20th Aug, 2017

Leamington man swaps regency charm for Borneo rainforests

Sophie Heaviside 20th Apr, 2017 Updated: 21st Apr, 2017

AARON Gekoski has swapped the big city for the wildlife of Borneo.

From training to become a ranger with Sabah’s Wildlife Rescue Unit to highlighting the damage shark finning causes, the 36 year-old from Leamington is living a much different life than the one he left in London.

Aaron was in his 20s and co-owned a modeling agency in London but he wanted to see more of the world.

He decided to follow his childhood dream of wildlife film-making and signed up to an intensive month long film course in South Africa’s Kruger National Park, before traveling to Mozambique to learn more about underwater filming.

It was there he met documentary makers who were working on a project following the devastating effects of shark finning has on marine life. The fins are the principal ingredient of Asian delicacy shark fin soup. After having their fin cut off the sharks are thrown back into sea, and unable to swim, they die.

Aaron became interested in highlighting and filming human-animal conflicts in Africa and has since followed the mass sacrifice of sea turtles, lived on board a commercial tuna fishing vessel in South Africa, and even gone on an undercover mission with marines to expose Namibia’s annual seal cull.

The former Trinity School pupil has now turned presenter for his latest project ‘Borneo Wildlife Warriors’.

The series follows a wildlife rescue unit which is on call 24/7 all year round to deal with human-animal conflict around the largest island in Asia.

Aaron told The Observer: “On one mission we spent a week trying to capture an elephant in a plantation so we could move it back into the jungle out of harm’s way.

“Every time we snuck up on it at sunrise, it would do a runner into a small patch of jungle with us in hot pursuit.

“One day we got completely lost in the jungle for ten hours with no food or water – we were quite worried at one point.

“After finally bringing it to a standstill with enough sedation, the elephant charged us one last time. We finally managed to tether it to some trees, it took us a couple more days to get it into a cage and onto a van, before driving it back into the jungle.

“We returned to the base in Sepilok and were told we had to capture a mother and baby orangutan. After managing to dart the mother, the baby shook her body and – clearly thinking she was dead – did a runner.

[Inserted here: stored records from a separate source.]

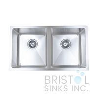 Bristol Sinks 18 gauge under-mount stainless steel kitchen sink with 20 millimetres radius corners. This sink features a lustrous soft brushed satin finish and 20 mm radius curved corners designed for easy cleaning, making this double bowl sink easy to clean while reflecting the latest trends in the
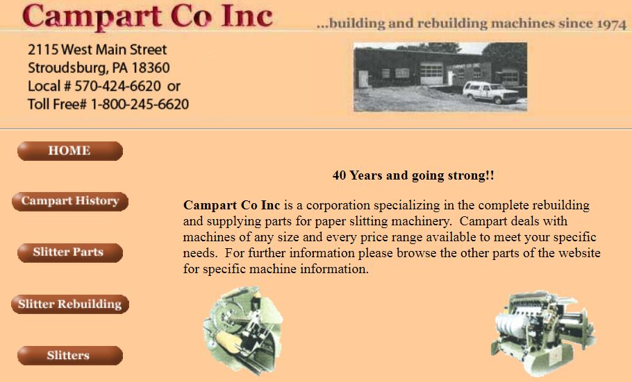 Campart Co Inc is a corporation specializing in the complete rebuilding and supplying parts for paper slitting machinery. Campart deals with machines of any size and every price range available to meet your specific needs. For further information please browse the other parts of the website for specific machine information.
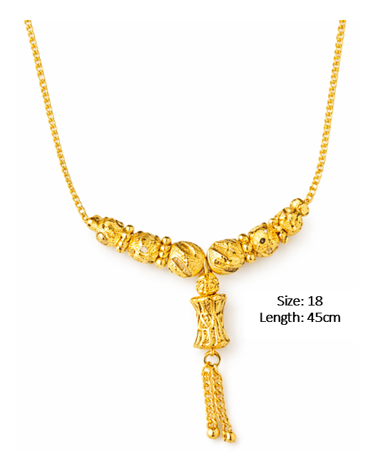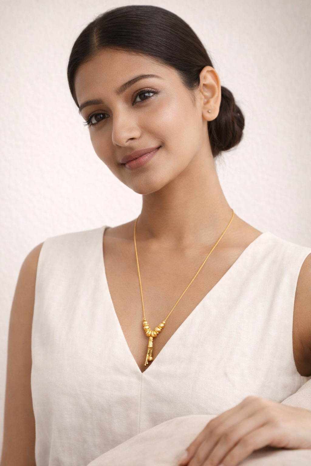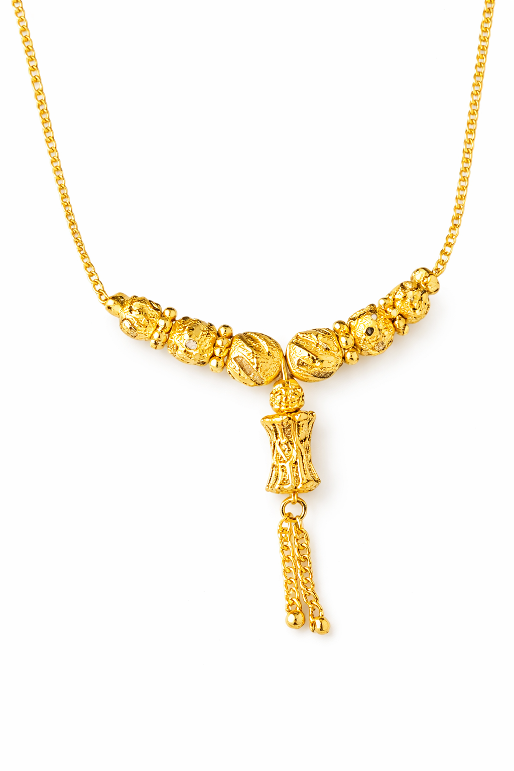 A graceful gold-plated necklace featuring decorative textured beads and a delicate tassel pendant—perfect for daily wear and festive styling.
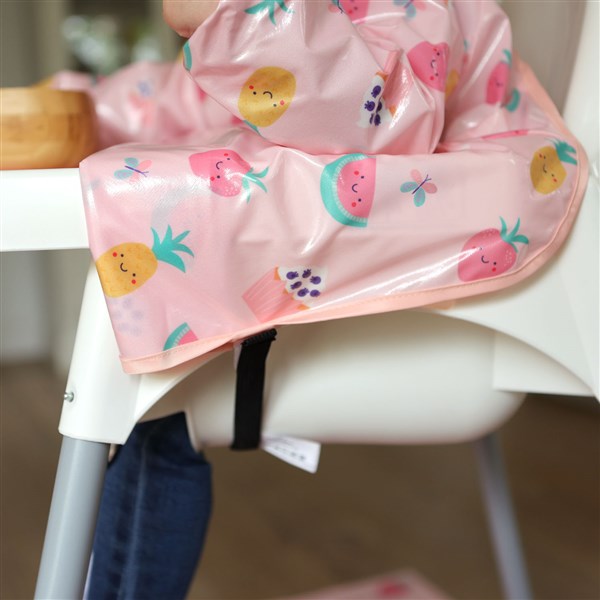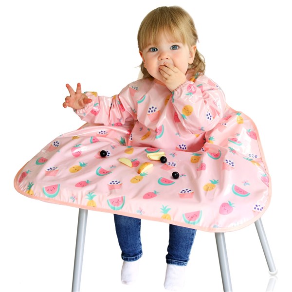 お子様とハイチェアのテーブルまですっぽりカバーしてくれるので汚れを気にすることなくお食事をお楽しみいただけます。
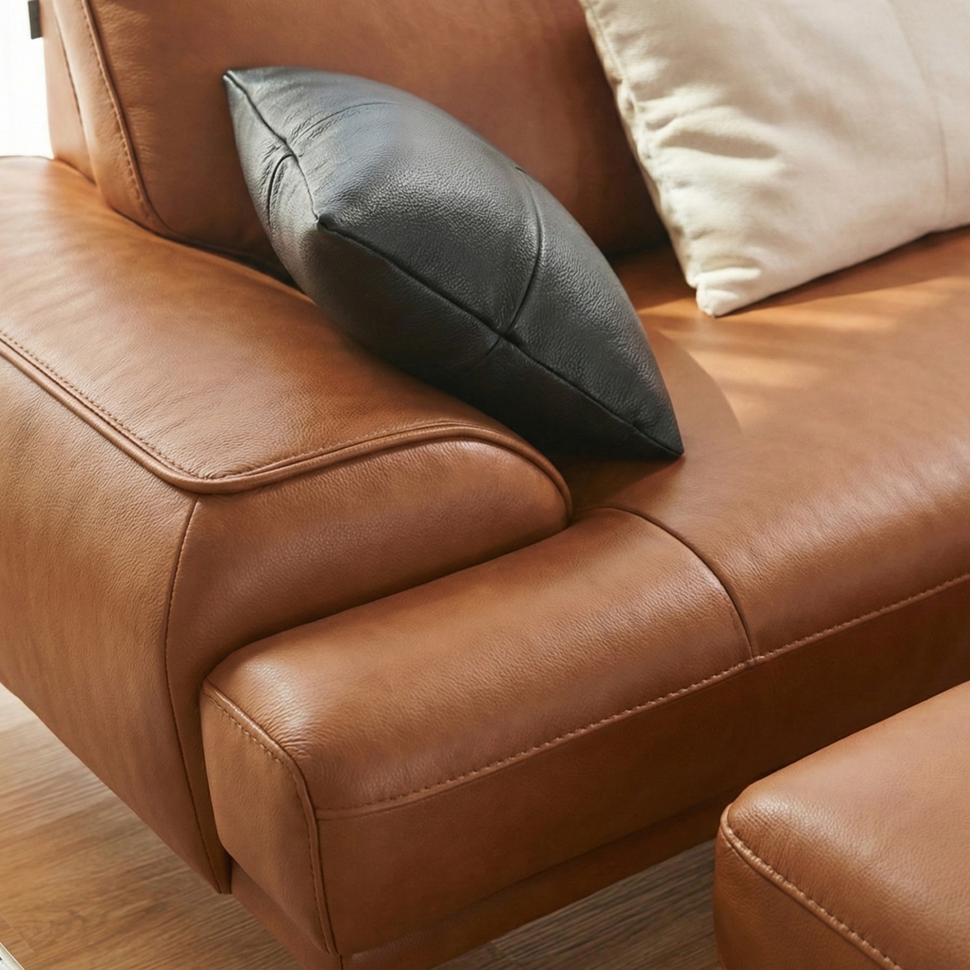 MILAN sử dụng sofa da cao cấp với màu nâu ấm áp #C2A68A, mang đến vẻ đẹp sang trọng và vượt thời gian. Bề mặt da được xử lý tiếp xúc trực tiếp để đảm bảo độ bền, giúp việc vệ sinh và bảo quản trở nên dễ dàng hơn bao giờ hết. Đây không chỉ là một chiếc sofa cao cấp, mà còn là món đồ nội thất đồng hành cùng gia đình bạn qua nhiều năm tháng.
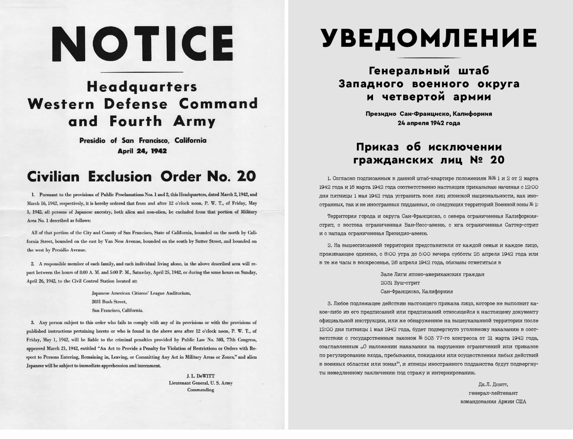 «Штат Калифорния, [Приказ об исключении гражданских лиц № 20], северо-восточная часть города Сан-Франциско», 24 апреля 1942 (“State of California, [Civilian Exclusion Order No. 20], City of San Francisco, northeast”, April 24, 1942, by J. L. DeWitt, Lieutenant General, U. S. Army, Western Defense Command and Fourth Army. Courtesy of the San Jose State University Department of Special Collections and Archives, John M. Flaherty Collection of Japanese Internment Records).
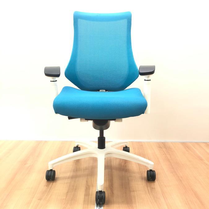 【姿勢の変化にフレキシブルに対応!スタイリッシュで座り心地も抜群な高機能チェア】■イトーキ(ITOKI)製 エフ(f)チェア 肘付き ハイバック 背面メッシュ ■可動肘・ハンガー付 ■ストロングブルー×ホワイトシェル ※日焼け有
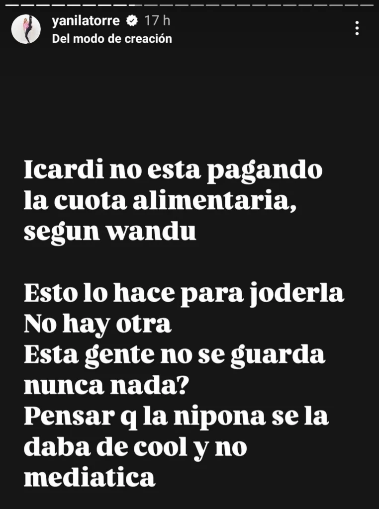 “Icardi no está pagando la cuota alimentaria, según Wandu. Esto lo hace para joderla. No hay otra ¿Esta gente no se guarda nunca nada? Pensar que la nipona se la daba de cool y no mediática”, sentenció la panelista de LAM.
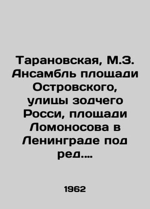 "Taranovskaya, M.Z. Ensemble of Ostrovsky Square, Architectural Rossi Street, Lomonosov Square in Leningrad, edited by I.I. Fomin and G.G. Grimm; designed by L.N. Lindrot; Academy of Construction and Architecture of the USSR. Leningrad branch; Architectural and Planning Department of the Leningrad City Executive Committee; State Inspectorate for Monument Protection./Taranovskaya, M.Z. Ansambl ploshchadi Ostrovskogo, ulitsy zodchego Rossi, ploshchadi Lomonosova v Leningrade pod red. I.I. Fomina i G.G. Grimma; oform. L.N. Lindrota; Akademiya stroitelstva i arkhitektury SSSR. Leningradskiy filia; Arkhitekturno-planirovochnoe upravlenie Lengorispolkoma; Gosudarstvennaya inspektsiya po okhrane pamyatnikov. Taranovskaya, M.Z. Ensemble of Ostrovsky Square, Architectural Rossi Street, Lomonosov Square in Leningrad, edited by I.I. Fomin and G.G. Grimm; designed by L.N. Lindrot; Academy of Construction and Architecture of the USSR. Leningrad branch; Architectural and Planning Department of the Leningrad City Executive Committee; State Inspectorate for Monument Protection. We have thousands of titles and often several copies of each title may be available. Please feel free to contact us for a detailed description of the copies available. SKUbd-41f9a5d73fb45626."
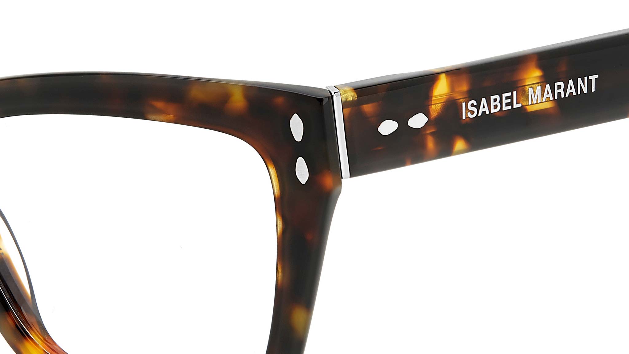 Audace e vistosa ma al contempo leggera e disinvolta: la collezione eyewear The New di Isabel Marant comprende una gamma di montature ultra-flat declinate in nuance femminili ispirate alla collezione prêt-à-porter e agli accessori del brand. Queste montature da vista in acetato presentano una moderna silhouette cat-eye geometrica caratterizzata da un esclusivo dettaglio in metallo sulla cerniera. I terminali e i rivetti in metallo a forma di foglia evocano il distintivo dettaglio Leaf di Isabel Marant.

“Myself and vet Dr Laura Benedict managed to catch him just as he was making his way up a tree. Baby and mother were taken back to the centre and checked over for disease and released into the jungle a few weeks later, far from human settlements.

“It was a mentally and physically draining fortnight.”

Living some 7,000 miles away from home is not always easy, but Aaron says his family have been amazingly supportive.

He added: ” I owe them so much – without their support I’d never have been able to do this.

“My parents always said ‘you can do anything you put your mind to’ and after a while, you realise they’re right.”